Le petit livre de la ménopause

HISTOIRE NATURELLE D'UN BOULEVERSEMENT

Le dysfonctionnement ovarien

Cette période précédant la carence hormonale peut être longue, jusqu'à plusieurs années. Les troubles qu'elle génère n’en sont pas spécifiques. Ils surviennent dans d’autres circonstances de déséquilibre hormonal, qu'il soit physiologiques, tels la puberté et la période après l’accouchement ou pathologiques, comme lors des états d’infertilité.

Mécanisme

Le désordre hormonal survient en prélude à l’arrêt des sécrétions. Il est le signe d’un épuisement progressif des deux versants de l’activité des ovaires.

Les deux productions, celle des ovules et celle des hormones, sont liées.  

  • Avant d'émettre un ovule, il faut le préparer.

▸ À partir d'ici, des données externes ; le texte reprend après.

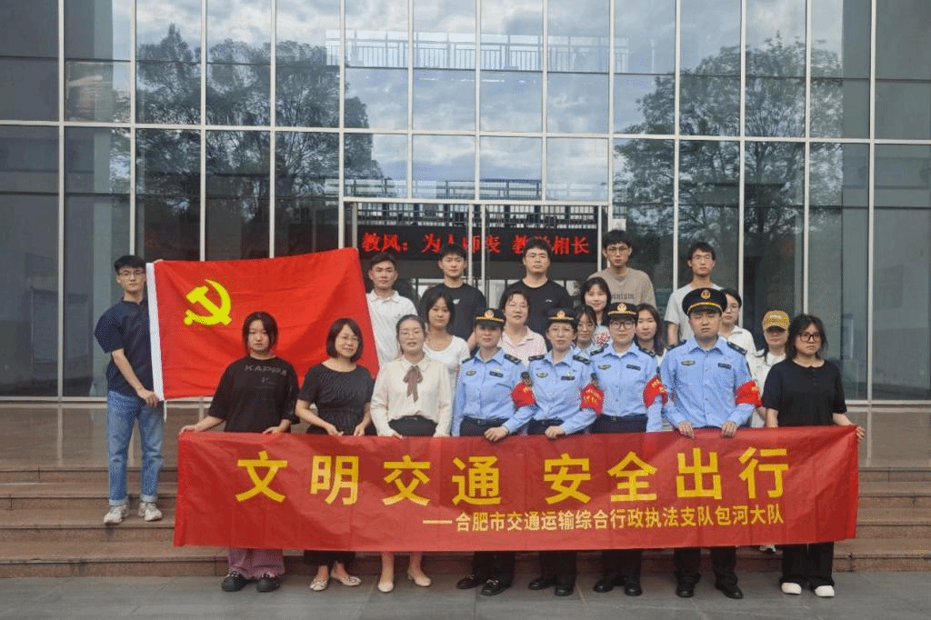 本网讯 为深入学习宣传贯彻党的二十大精神,切实践行“我为群众办实事”。6月7日下午,永利集团304am登录学生第一党支部书记高欢邀请了合肥市交通运输综合行政执法支队包河大队高铁南站中队副队长魏咏露一行5人来校进行“文明交通、安全出行”宣讲活动。永利集团304am登录党委书记郭桃芬热情接待了魏咏露一行。

Cela consiste à réveiller, sélectionner, nourrir et faire mûrir les cellules destinées à être fécondées par les spermatozoïdes. 
    Un ensemble de dix d’entre elles est réquisitionné tous les mois. On va leur demander de se préparer, de se faire belles. Des petites mains s’affairent autour d’elles, les bichonnent et dans le même temps sécrètent la première hormone, l’oestradiol. Une sélection sera opérée qui ne retiendra qu’un seul de ces dix ovules tandis que les autres vont s’atrésier, se dissoudre. Celui-là, arrivé à maturité, sera libéré dans la cavité abdominale, en général vers le 13ième jour du cycle. Ensuite, pour fêter ça, les courtisanes sécréteront la deuxième hormone, la progestérone.
  • La production des hormones est inséparable, vous l’avez vu, de celle de l’ovule, la reine. Elle est due aux petites copines, les courtisanes, qui l’entourent et l’apprêtent pour la noce.

Les reines en puissance sont continuellement sollicitées à se préparer. Tous les mois, sans que la prise de la pilule ou autre ne perturbe le phénomène, elles sont réveillées de leur léthargie pour concourir.

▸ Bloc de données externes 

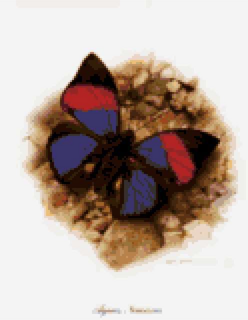 Ориентировочно так, схема вышивки «&6336», созданная автором Axlamonka, будет выглядеть при отшиве на канве. Размер данной вышивки равен 124x160 крестов, при этом используется 35 цветов. Ключевые слова, по которым можно найти эту схему: бабочка. Также, вы можете взглянуть на оригинальную картинку, соответствующую данной схеме вышивки.

Cela explique que la prise d’un contraceptif agira sur la sélection, non sur le recrutement. Il n’y a donc pas d’économie d’ovule, juste un blocage de leur développement.

Quand le stock de reines s’épuise et que l’ensemble est moins bien vascularisé, la fête est moins belle et le mécanisme se dérègle. Les premiers ratés portent sur la fabrication de l’hormone progestérone, celle qui arrive en second, après l’ovulation. Elle a pour fonction de contrebalancer les oestrogènes, d’en tempérer les effets sur certains tissus cibles. Son absence aura des conséquences cliniques, perceptibles dans la deuxième moitié du cycle de la femme.

Conséquences

Le déséquilibre de la séquence hormonale du cycle est donc à l’origine des signes annonciateurs de la ménopause. Fort heureusement, les symptômes décrits dans ce chapitre ne sont pas nécessairement présents dans leur ensemble.

Les perturbations de la deuxième partie du cycle

Les seins sont tendus et douloureux, en particulier dans la partie qui jouxte les bras. Cette tension est différente de celle ressentie lors des premiers jours de grossesse, qui intéresse le sein dans son ensemble.

Un œdème modéré est perceptible, qui touche la partie basse du corps, les pieds, les jambes et parfois jusqu’à la taille.

Une prise de poids cyclique est fréquente, due à la réunion de deux phénomènes : une rétention d’eau et la paresse intestinale des jours qui précèdent les règles. Une débâcle urinaire suit leur arrivée. Il n'est pas rare de ne pas parvenir à boutonner une jupe ou un pantalon dans ces périodes là.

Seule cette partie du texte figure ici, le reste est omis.